Nadie dice, por ejemplo, que no se hagan colas en Cuba porque resulta tan ilusorio como viajar a la luna en un segundo, pero tenemos esa responsabilidad ciudadana de hacerla como manda el momento y desmontarnos de esa explosión movida al compás de un cachumbambé con altas y bajas en una Villa Clara que de aparente estabilidad en jornadas pasadas ya exhibe contagios de SARS-CoV-2 sin precedentes.
Ahora piense si usted forma parte de esa familia que envía a los niños para la calle con tal de descansar el mediodía o dormir la siesta
¿Y quién se ocupa de ellos? Ahí están los juegos callejeros, la exposición a los peligros de la vía ante el más emocionante partido de fútbol, a la posibilidad de escuchar el chirrido de vehículos sobre el pavimento para despertar en pleno sobresalto.
Hay de todo en la viña del señor porque también continúan las reuniones bajo supuesto cumplimiento de las normas que no son tan así.
Se ha anunciado, una y otra vez, la funcionabilidad y rectitud de los puntos en fronteras y no todos resultan eficientes, se habla de autorizaciones para entradas y salidas de la provincia y siempre aparece el pillo que las viola, sin apartarnos de centros de aislamiento donde flaquea la disciplina que debe regir.
Y agrego a todas estas realidades —y muchas más que usted conoce y serían interminables— la adopción de medidas sin que vivamos el momento propicio para aplicarlas, al menos desde mi punto de vista.
Hace algún tiempo hablé de Mildrey, quizás mi amiga más pequeña, quien con solo ocho años, me partía el corazón y rompía la calma cada vez que la veía y con su carita impaciente me preguntaba si había visto a su abuelo por la calle al que esperaba con ansias para que le leyera el libro de cuentos.
Cómo decirle que no lo espere porque la COVID- 19 fue la responsable de que ya no esté como en tantos otros hogares en que falta un componente.
Cada vez que salgamos de casa por motivos justificados pensemos en los que hacen demasiado desde sus puestos laborales, en los titanes de salas intensivas y hospitales seleccionados para atender casos afectados por el coronavirus, en el colectivo del Laboratorio de Biología Molecular indispensables en la determinación de los PCR, en esos familiares que derraman lágrimas visibles o a escondidas en el silencio de la noche, recordemos a Mildrey —conózcala o no— la niña que aguarda por su abuelo para leer el libro de cuentos y nunca olvide que somos los principales actores, los protagonistas racionales a fin de desterrar la indolencia dentro de una plataforma que nos llama a vivir.

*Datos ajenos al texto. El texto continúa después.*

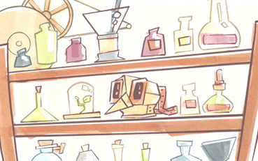 Ilustração de uma prateleira de laboratório. Descrição da imagem: Uma ilustração exibe uma parte de uma estante de laboratório com três prateleiras, nelas tubos de ensaio,buretas, bastões de vidro estão dispostos. No um objeto de metal em formato de cabeça de coruja.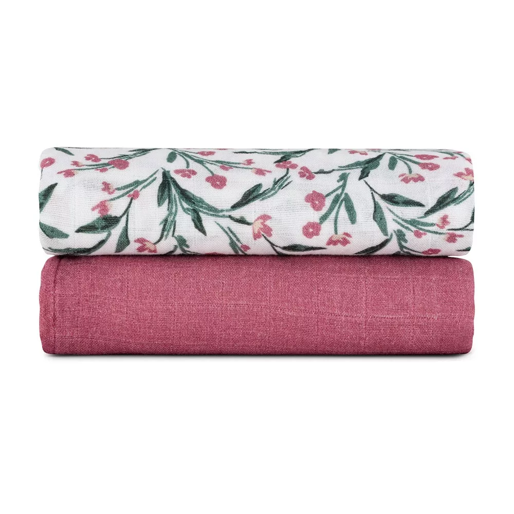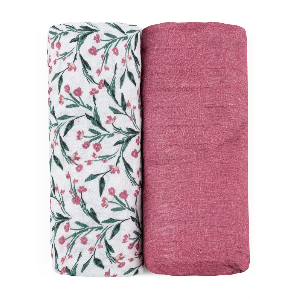 Petite & Mars Bambusz Muszlin Pelenka Szett 2db Misty Pink Meadow 120x120cm - Puha, Légáteresztő és Bőrbarát Pelenkák Újszülötteknek

Preservar el capital humano deviene la principal divisa en un escenario económico que no muestra momentos felices; sin embargo, en este archipiélago no se escatiman costos —y bastantes— porque lo que vale, por encima de todo, es el bienestar humano.
La paciencia se agota ante tantas negligencias, y también los tiempos de persuasión, consideraciones y manos blandas tienen su límite. Creo que han sido bastantes y habrá que apretar, máxime cuando está en juego algo tan preciado como la vida.
En cuidar y cuidarnos prevalece la máxima. Sobre los que habitamos el Planeta recaen las diferentes maneras de actuar en bien, de darnos entre todos un hálito de felicidad en medio de tanta tormenta, sin olvidar jamás las tantas deudas irrecuperables que tenemos con los que ya no están.